Personal finance is one of the confusing aspects of adulthood. Having to earn income to support your lifestyle while struggling to be debt-free might make you wish you could go back to those carefree teenage years. Nonetheless, growing up is a part of life, and you should embrace these new challenges.
If you’re looking for ways to boost your credit rating and achieve stable financial health, you ought to seriously consider having a budget and sticking to it. This personal money plan can guide you with your priorities and ensure that you get a remarkable credit score.
Here are some budgeting tips that you should try to avoid having bad credit:
1. Know Your Cash Flow
The first step to budgeting is being aware of how much you’re making each month and comparing it with your expenses. Track your after-tax income, which typically consists of your salary or hourly wages. You can also record money from other avenues such as dividends from investments, Social Security checks, and your earnings from side hustles or gigs.
Afterward, you must check your cash outflows. This category includes your rent, utility bills, groceries, transportation, and lifestyle costs such as gym memberships, social activities, and buying new stuff. Get a visual comparison of your income and expenses. Make sure to account for each dollar that comes in and out.
2. Consider Short-Term Borrowing
Having to take out a loan is kind of inevitable nowadays. If you must borrow money, you should stick to short term borrowing as much as your income and lifestyle will allow. This process requires you to pay back your debt within one year. The premise is that you’ll be more focused on repayment and make it one of your top financial priorities due to the time constraint.
While the limited time would mean that you’ll be paying a considerable amount each month, it’s more beneficial since you won’t have to keep on paying high-interest rates in the future. It’ll also help you become debt-free more quickly.
3. Test Different Budgeting Methods
The best thing about budgeting is that you can customize it according to your financial capacity, needs, and preferences. People have come up with different methods, with popular ones such as the 50/30/20 budget or the envelope system.
You should research on the method that works best for your economic situation. Regardless of the technique you use, you should remember that the key to developing the habit of budgeting and saving money is to stick to it and to accept the challenge during the first few weeks or months. Once you’ve formed this discipline, becoming debt-free will no longer be impossible.
These are some budgeting methods that worked for a lot of people:
- 50/30/20 – With this system, you divide your income into three main categories. You set aside 50 percent for necessities, 30 percent for your lifestyle spending, and 20 percent for savings as well as debt repayment. This technique can be used independently or as a foundation for other budgeting methods.
- Envelope System – This cash-based approach involves setting a spending limit for each expense category, such as groceries, utilities, or social activities. Essentially, you withdraw your salary and store the money in envelopes with the allotments and use those funds accordingly.
- Savings First – This technique seems like a reverse budget method since it prioritizes your saving goals like for retirement and emergencies. You decide how much you’ll put into those funds first, then allocate your monetary resources to the rest of your monthly expenses.

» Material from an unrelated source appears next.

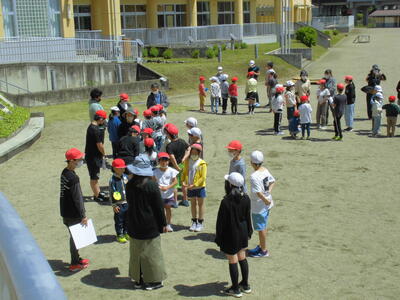 3校時目に、1年生を迎える会を実施しました。会の開催にあたり、5・6年生は休み時間などを使って準備を進めてきました。5年生は入退場の案内とプレゼントのメダル作り、6年生は運営面を担当しました。縦割り班での自己紹介後、へび鬼を行いました。和やかなうちに会は進み、終始笑顔が絶えませんでした。会の終了に際して、1年生からは、「これからも仲良くしてください。遊んでください。」とのあいさつがありました。

- Zero-Based – This budget method is ideal for tracking your spending. With this, you divide your monthly income into specific costs meticulously until every dollar belongs to a category. This technique works best with the cash-based envelope system. However, if you aren’t too keen on the idea of holding cash, you just need to log each expense to ensure that you’re within your budget limits.
4. Have Specific Financial Goals
Setting specific financial goals can help you stay on track with your spending. Being deliberate in what you want to accomplish with your money will make you accountable to yourself with how you’re using your financial resources. Start by asking how much debt you wish to pay off or the amount you want to save, and include a target date.
Conclusion
The idea of creating a budget and sticking to it may overwhelm some people. However, this guide is valuable in ensuring that you stay on track with your spending to prevent you from getting a bad credit rating. You should understand your cash flow and prioritize debt repayment through short-term borrowing. Then, try out budgeting methods to know which one works best for you and your financial goals.